STORED DATA:
++++++++

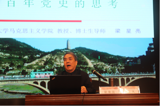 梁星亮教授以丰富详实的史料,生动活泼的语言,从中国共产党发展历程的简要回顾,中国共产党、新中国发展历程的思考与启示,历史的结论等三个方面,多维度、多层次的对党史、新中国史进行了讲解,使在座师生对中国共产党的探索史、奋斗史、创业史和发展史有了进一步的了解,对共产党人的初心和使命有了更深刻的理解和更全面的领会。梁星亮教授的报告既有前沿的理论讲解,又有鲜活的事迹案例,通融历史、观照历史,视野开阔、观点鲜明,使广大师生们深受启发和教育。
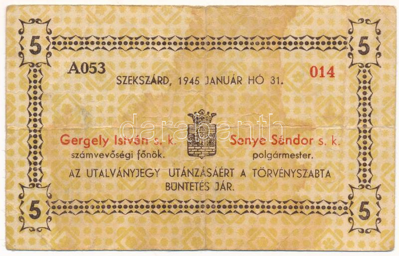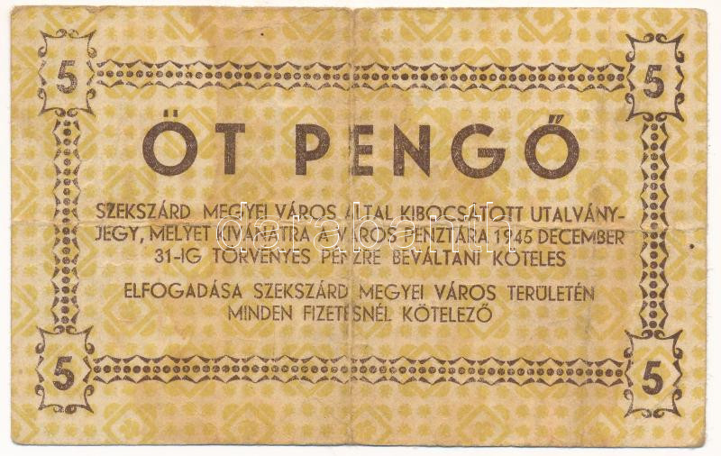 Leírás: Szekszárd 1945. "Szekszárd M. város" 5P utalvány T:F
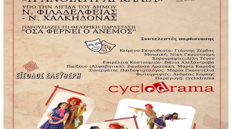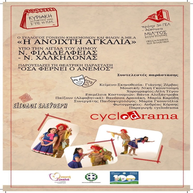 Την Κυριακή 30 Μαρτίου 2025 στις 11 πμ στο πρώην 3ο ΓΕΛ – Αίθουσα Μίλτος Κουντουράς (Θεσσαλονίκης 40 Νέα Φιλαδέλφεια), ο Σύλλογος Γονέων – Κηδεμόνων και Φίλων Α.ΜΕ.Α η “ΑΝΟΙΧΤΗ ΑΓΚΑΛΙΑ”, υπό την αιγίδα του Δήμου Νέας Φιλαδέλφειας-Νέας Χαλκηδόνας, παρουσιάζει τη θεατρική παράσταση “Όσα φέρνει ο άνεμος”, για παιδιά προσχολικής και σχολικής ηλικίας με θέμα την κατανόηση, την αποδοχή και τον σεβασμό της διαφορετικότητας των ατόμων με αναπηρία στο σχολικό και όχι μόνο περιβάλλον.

++++++++

TASK DETAILS: Word for word, quote the full listing, omitting every picture.

SOLUTION TO THE PROBLEM:
 梁星亮教授以丰富详实的史料,生动活泼的语言,从中国共产党发展历程的简要回顾,中国共产党、新中国发展历程的思考与启示,历史的结论等三个方面,多维度、多层次的对党史、新中国史进行了讲解,使在座师生对中国共产党的探索史、奋斗史、创业史和发展史有了进一步的了解,对共产党人的初心和使命有了更深刻的理解和更全面的领会。梁星亮教授的报告既有前沿的理论讲解,又有鲜活的事迹案例,通融历史、观照历史,视野开阔、观点鲜明,使广大师生们深受启发和教育。
 Leírás: Szekszárd 1945. "Szekszárd M. város" 5P utalvány T:F
 Την Κυριακή 30 Μαρτίου 2025 στις 11 πμ στο πρώην 3ο ΓΕΛ – Αίθουσα Μίλτος Κουντουράς (Θεσσαλονίκης 40 Νέα Φιλαδέλφεια), ο Σύλλογος Γονέων – Κηδεμόνων και Φίλων Α.ΜΕ.Α η “ΑΝΟΙΧΤΗ ΑΓΚΑΛΙΑ”, υπό την αιγίδα του Δήμου Νέας Φιλαδέλφειας-Νέας Χαλκηδόνας, παρουσιάζει τη θεατρική παράσταση “Όσα φέρνει ο άνεμος”, για παιδιά προσχολικής και σχολικής ηλικίας με θέμα την κατανόηση, την αποδοχή και τον σεβασμό της διαφορετικότητας των ατόμων με αναπηρία στο σχολικό και όχι μόνο περιβάλλον.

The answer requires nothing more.